昨日開催した「湖沼生態系再生研究会(手賀沼モデル)」では、千葉県環境研究センター水質環境研究室の平間幸雄先生から、手賀沼の水質について解説いただきました。
手賀沼は面積6.5平方キロ、平均水深0.86mという、浅くて小さな湖です。かつては畑や林だったところに宅地化が進み、1960年頃から沈水植物が減り始め、1970年代以降は流入河川よりも湖内のCODが高い状態で推移していました。現在のCODは8〜10mg/lくらいです。負荷の分類としては生活系が最も増加しているとのことでした。

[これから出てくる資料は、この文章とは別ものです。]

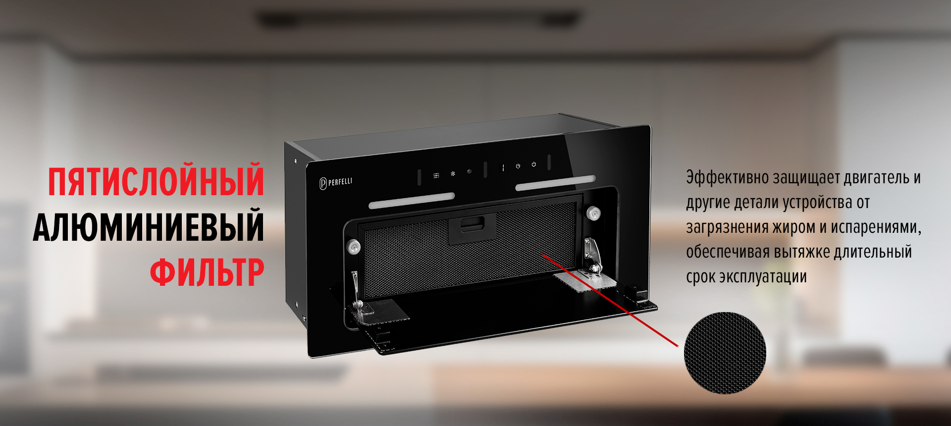 - Пятислойный алюминиевый фильтр, который надежно удерживает копоть и испарения.
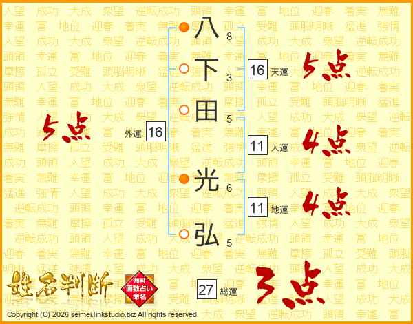 八(8画)下(3画)田(5画) 光(6画)弘(5画)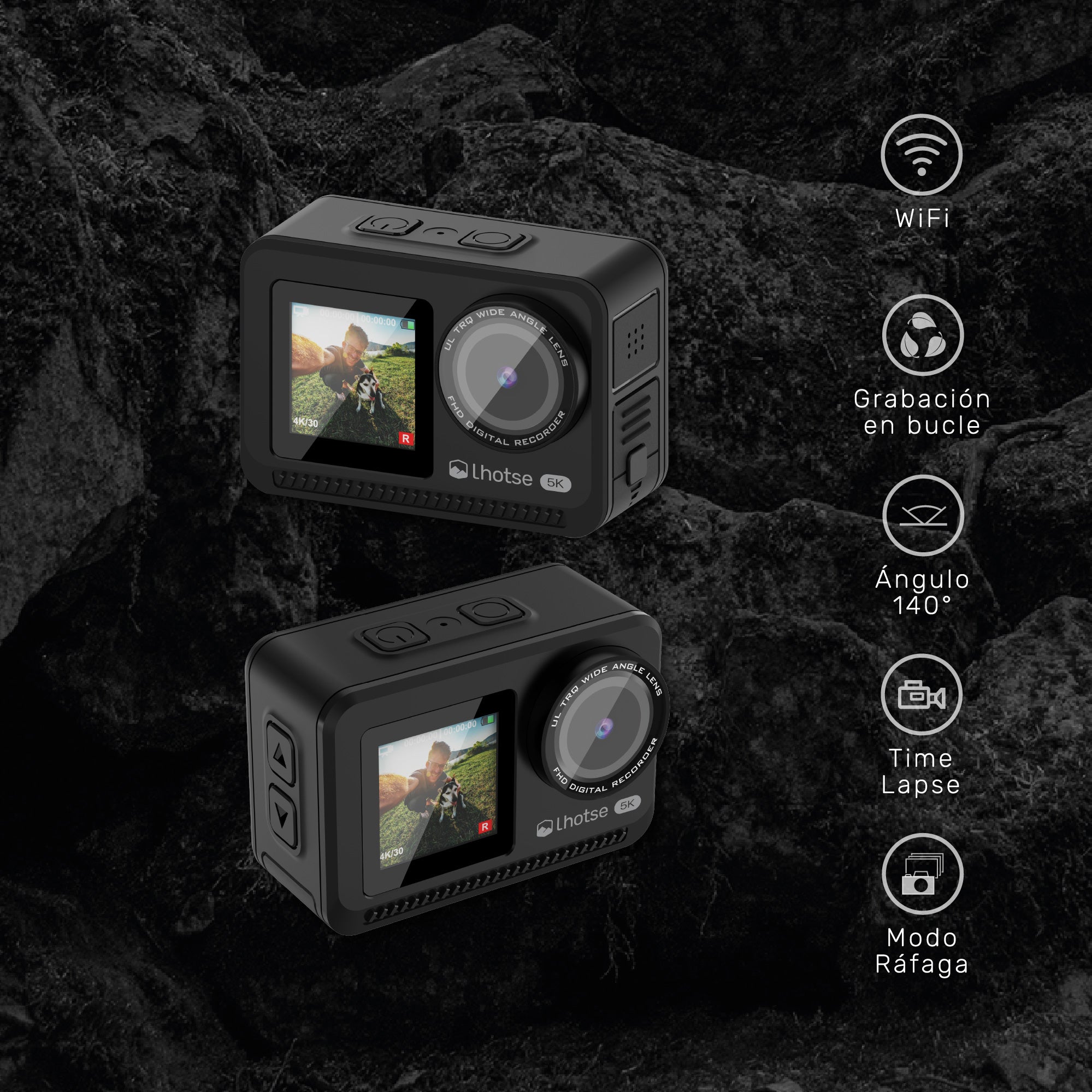 Captura la aventura en su máxima expresión con la Cámara de Acción Doble 5K 60fps PeakPro de Lhotse, diseñada para los amantes del outdoor y los deportes extremos. Esta cámara es tu mejor aliado para registrar cada instante, con una calidad de imagen y resistencia que supera los límites.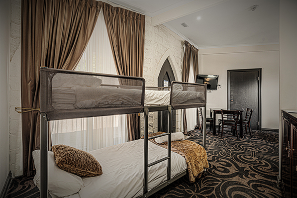 For the family who needs a little space, our Interconnecting Family and Queen Room are perfect. The Room, located inside the Castle walls, have an amazing king and bunk bed in one room and a queen bed in the other. Each Room offers an 40" TV, free wi-fi, tea and coffee making facilities, split system air-conditioning, fridge, microwave, toaster, hand woven European Tapestries. There is a spa bath in the Queen Room and a shower in the Family Room, with adjoining door to close off the rooms if you so wish. Children under the age of 3 are free if sleeping in the same bed as parents.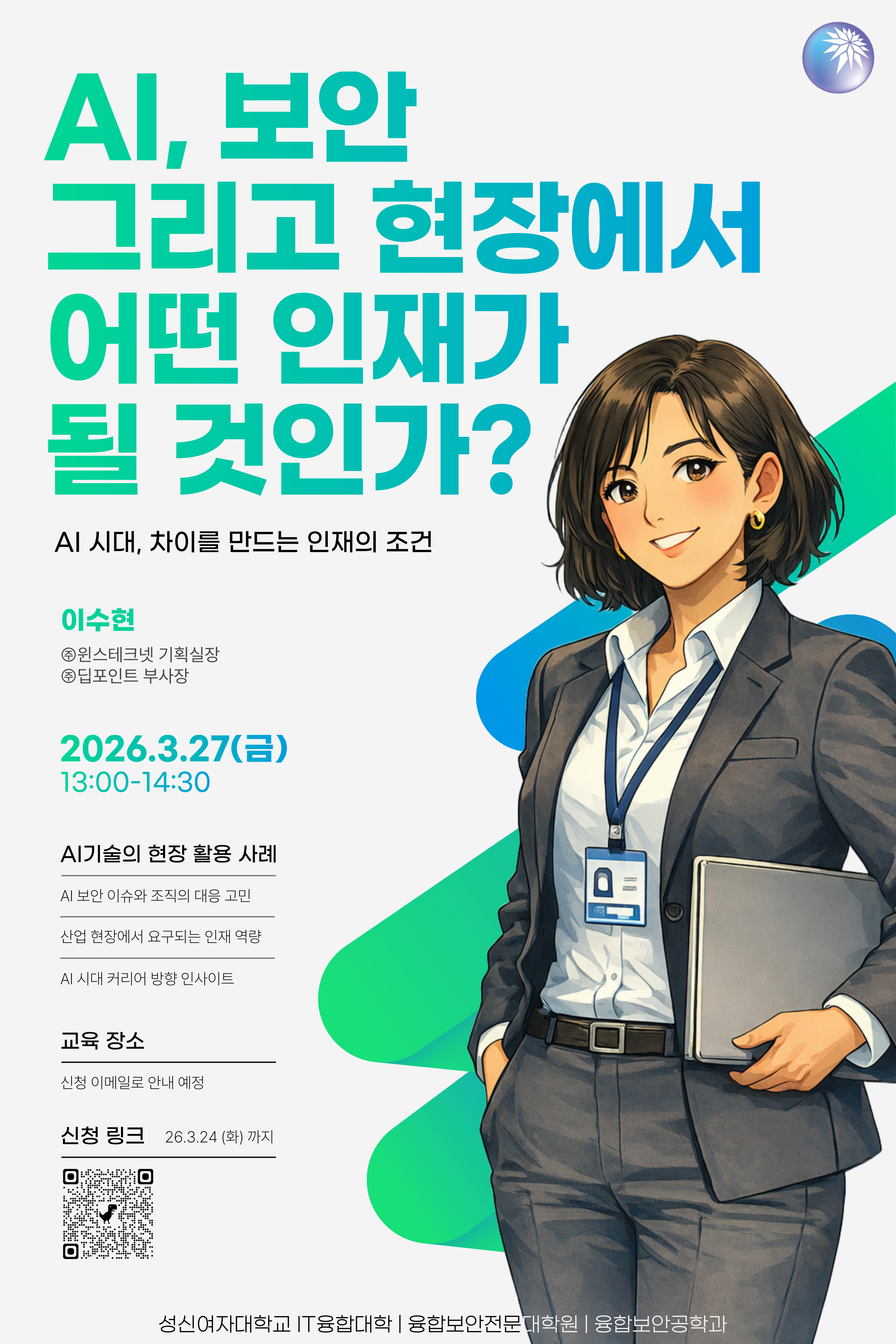 성신여자대학교 IT융합대학 / 융합보안전문대학원 / 융합보안공학과 학생 여러분께,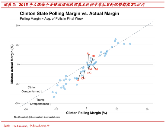 2016年选举在全国普选票劣势下,特朗普最终以50余张选举人票的优势翻盘的原因在于美国最重要的个关键摇摆州:佛罗里达、宾夕法尼、俄亥俄等,大选真实结果与民调预测的差异亦都在3%的历史平均水平以内。唯一值得注意的是,与一般的随机误差不同,这些关键摇摆州最终选举结果相对民调都略微向特朗普倾斜了一点。实际上,2016年大选每个关键摇摆州选前民调都十分焦灼(基本民调中希拉里的优势都在2%以内),而特朗普最终在每个关键摇摆州都在民调数学模型允许的误差范围内以极其微弱的优势(1%左右)“逆势翻盘”。单从统计意义上看,特朗普2016年的获胜只是民调误差允许范围内一场不折不扣的“奇迹”。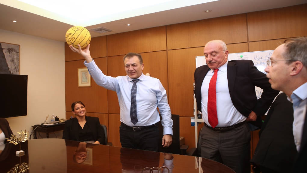 Τον αναπληρωτή Υπουργό Αθλητισμού Γιάννη Βρούτση επισκέφτηκαν τα μέλη της γυναικείας Εθνικής ομάδας του πόλο.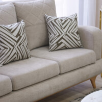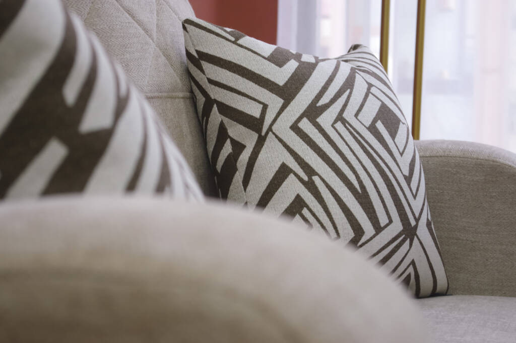 Boldly patterned accent pillows introduce a dynamic visual rhythm, contrasting beautifully with the serene upholstery. The light wooden base and tapered legs complete the look with a warm, airy foundation—bringing a sense of openness to any interior.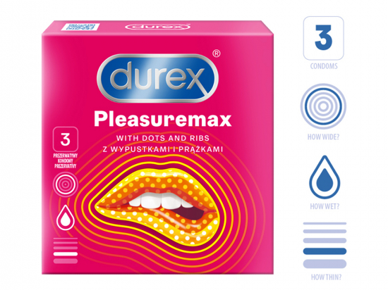 Durex Pleasuremax kondoomid N10 Tootekood: 7015246 GTIN: 5900627117707 Kondoomid ja paiksed rasedusvastased vahendid <p>Läbipaistvad standardpaksusega looduslikust latekskummst kondoomid.</p> <p>Nominaallaius: 56 mm.</p> <p>Ribide ja täppidega stimulatsiooniks.</p> <p>Kergesti paigaldatav, nibukujulise otsaga, lisa libestusainega.</p> | in stock | 13,26 € | Poodi | |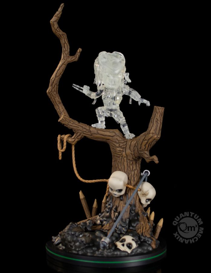 The legendary Predator is one ugly mother... .you know what. But thanks to a cloaking system - also known as a "Shiftsuit" - it can be rendered almost invisible to the naked eye. So while you won ’t necessarily have to stare into its ferocious visage as it hunts you down, it ’s mostly because you ’ll never see it coming. Relive the terror of the Predator hiding in plain sight with the Predator Shiftsuit Q-Fig Max Elite, available exclusively from QMx and select retailers around the world. Based on the titular monster from the seminal sci-fi movie Predator, The Predator Shiftsuit Q-Fig Max Elite recreates the iconic scene where the extra-terrestrial warrior stalks our hero, Major Dutch Schafer. In this exclusive version, the Predator has engaged its cloaking system high above in the trees while Dutch hides in the mud below. Completely translucent, the Shiftsuit Predator warps the light around his body leaving only a small visible silhouette. If it moves, you just might be able to catch a glimpse. But if you move, well that ’s game over, man. Oops, sorry - wrong scary alien movie. The Predator Shiftsuit Q-Fig Max Elite stands nearly 7 inches tall from the muddy and skull-adorned display base to the very top of the gnarled and knotted tree. Individually numbered and limited to just 5000 pieces. View all

質疑応答では、北千葉導水によって増水しやすくなり、それが抽水植物を枯死させて水質に悪影響を与えているのではないか、多少の水位低下では琵琶湖のように水草が生えて水質がよくなる効果は期待できないのではないか、ヘドロを除去しないと水草は生えないのではないか、など、様々な声が寄せられました。
次に私が、琵琶湖における水草の現状について、水草を刈って肥料にする仕組みが崩壊した現在、水草はスクリューに絡みつく、流れ藻の腐敗臭がするなど弊害の原因と捉えられていることを写真なども使ってご説明しました。
その後で行ったフリーディスカッションでは、どういう湖沼生態系を手賀沼で再生すべきか、今は再生に向けて具体的に行動できる状態ではない、もう少し情報収集と意見交換が必要ということになりました。
日本のように人口密度の高い国では、人の影響がない、手つかずの自然というものはほとんど存在しません。この国では人の自然への働きかけが持続的であるように、長い時間をかけて試行錯誤が続けられてきたのだと思います。
しかし1950年代の高度成長以降、日本人の生活様式は、それまでとは断絶に近いくらいに変わりました。その変わった生活様式で自然とサステナブルにつきあっていくにはどうすればいいのか。それは既に、過去に例がない状態を新たに作らなければならない段階にあるのかもしれません。